THE DATA.
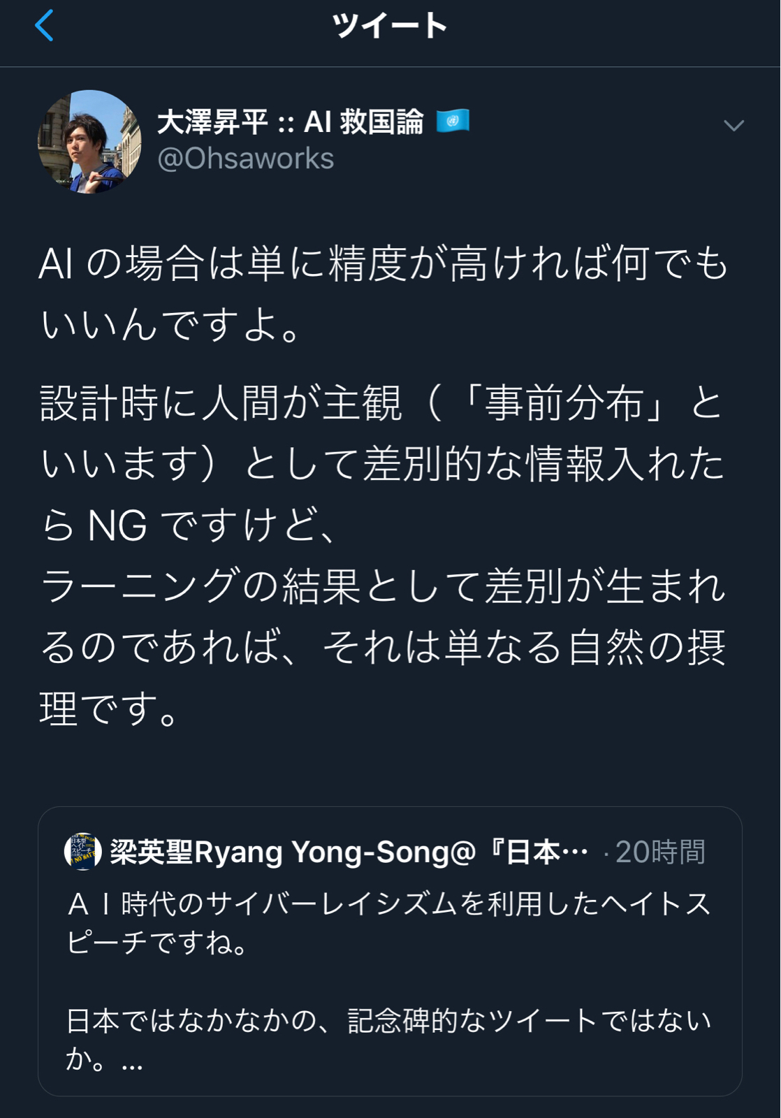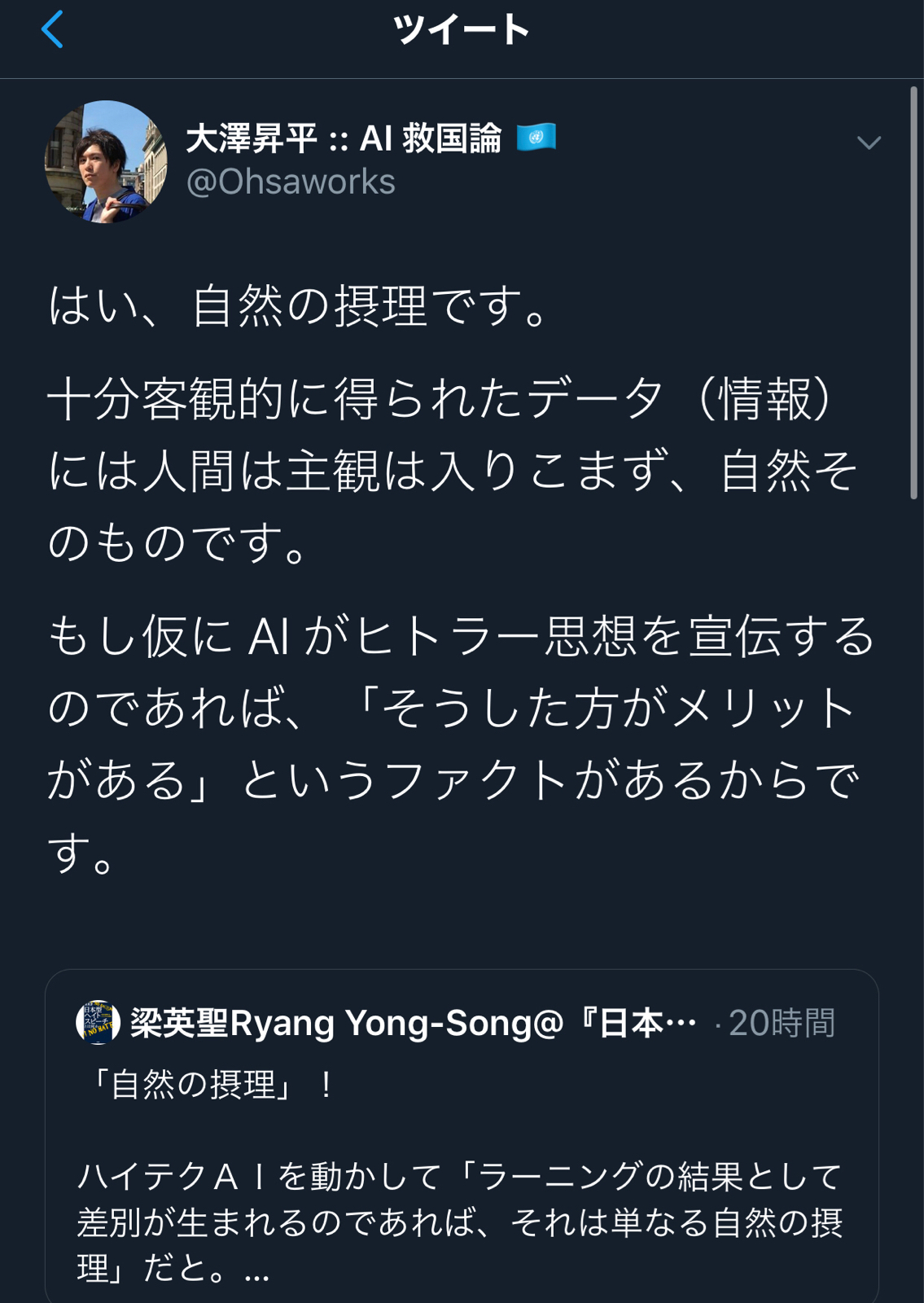 東大准教授、正論「AIがナチス思想を採用したらそれが自然の摂理。データに人間の主観は入らないので」
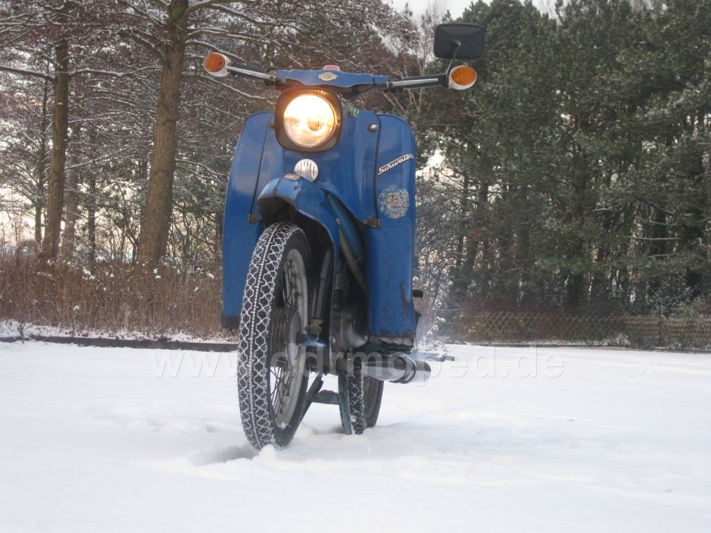 Aber die blöden Blicke der Autofahrer sind einem sicher, wenn sie sehen das bei dem Wetter noch jemand auf Moped unterwegs ist! Und wenn man dann noch Autofahrer überholt auf der zugeschneiten Straße.
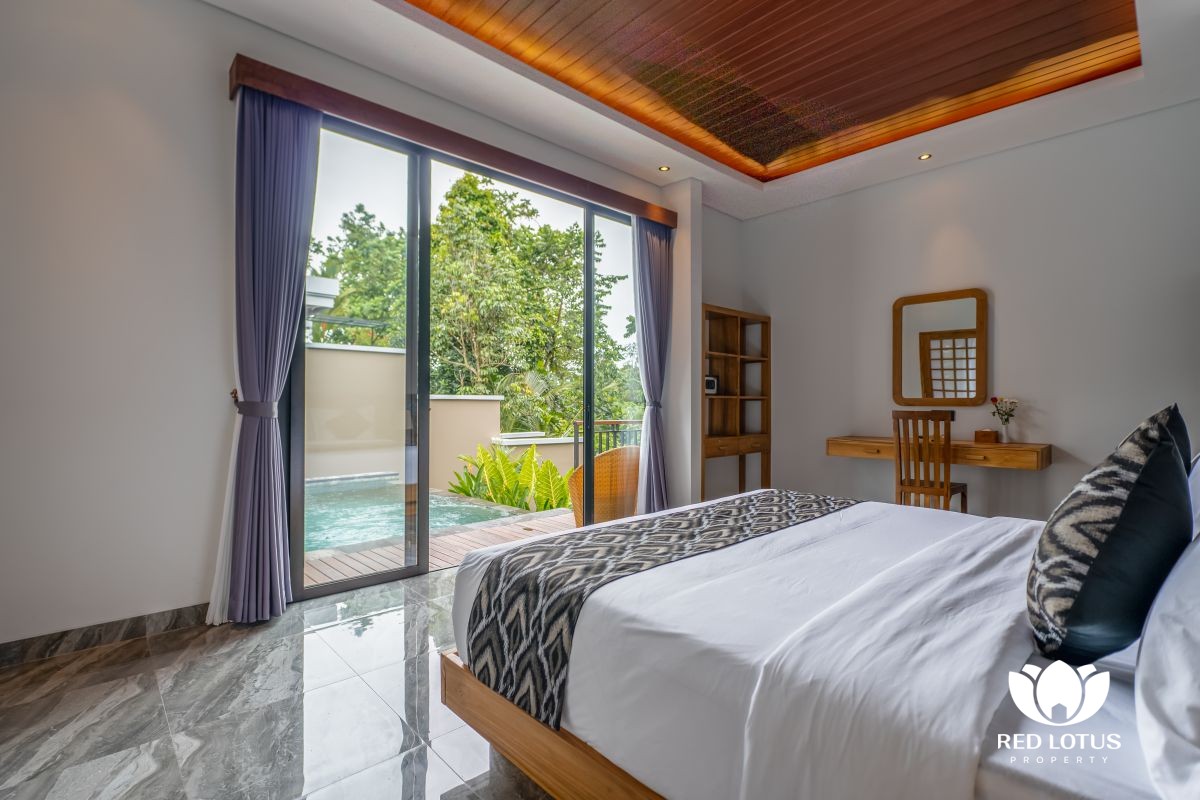 The Ubud Villas Rental property are offers two separate private villas for extra privacy. A spacious 2-bedroom unit and a cozy 1-bedroom unit, each with its own private swimming pool nestled among the trees. The larger unit has a nicely proportioned pool perfect for relaxed swims. While the smaller one offers a more intimate dip with jungle views all around. Both units include a full kitchen and a dedicated dining area, so you can cook simple meals or enjoy casual dining with the sounds of nature as your backdrop. The bedrooms are comfortable with private bathrooms, and you’ll find a smart TV plus WiFi coverage throughout for easy evenings in.
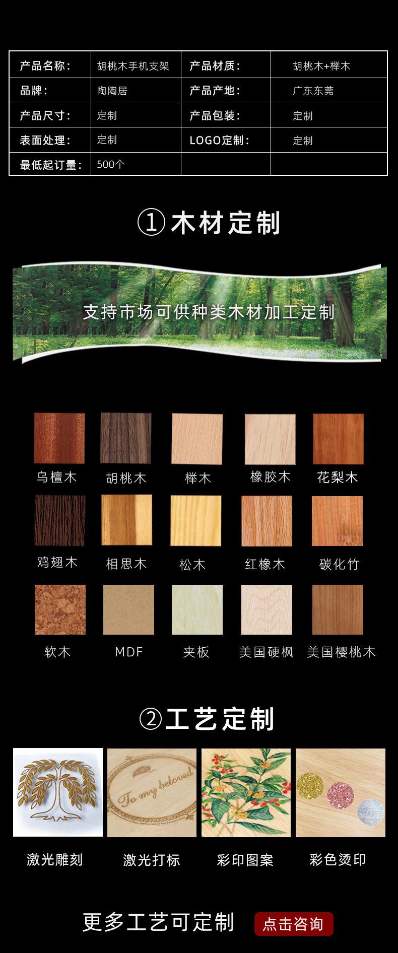 Soporte Perezoso Fábrica de Comercio Exterior de Dongguan Artesanías de Madera Personalizado Soporte Creativo para Teléfono Móvil Soporte para Teléfono Móvil de Nogal

TASK DETAILS.
Starting at the line that holds "The Ubud Villas" and stopping at the last line of the listing above, write out each line exactly as it appears, and omit the pictures.

RESULT BELOW.
 The Ubud Villas Rental property are offers two separate private villas for extra privacy. A spacious 2-bedroom unit and a cozy 1-bedroom unit, each with its own private swimming pool nestled among the trees. The larger unit has a nicely proportioned pool perfect for relaxed swims. While the smaller one offers a more intimate dip with jungle views all around. Both units include a full kitchen and a dedicated dining area, so you can cook simple meals or enjoy casual dining with the sounds of nature as your backdrop. The bedrooms are comfortable with private bathrooms, and you’ll find a smart TV plus WiFi coverage throughout for easy evenings in.
 Soporte Perezoso Fábrica de Comercio Exterior de Dongguan Artesanías de Madera Personalizado Soporte Creativo para Teléfono Móvil Soporte para Teléfono Móvil de Nogal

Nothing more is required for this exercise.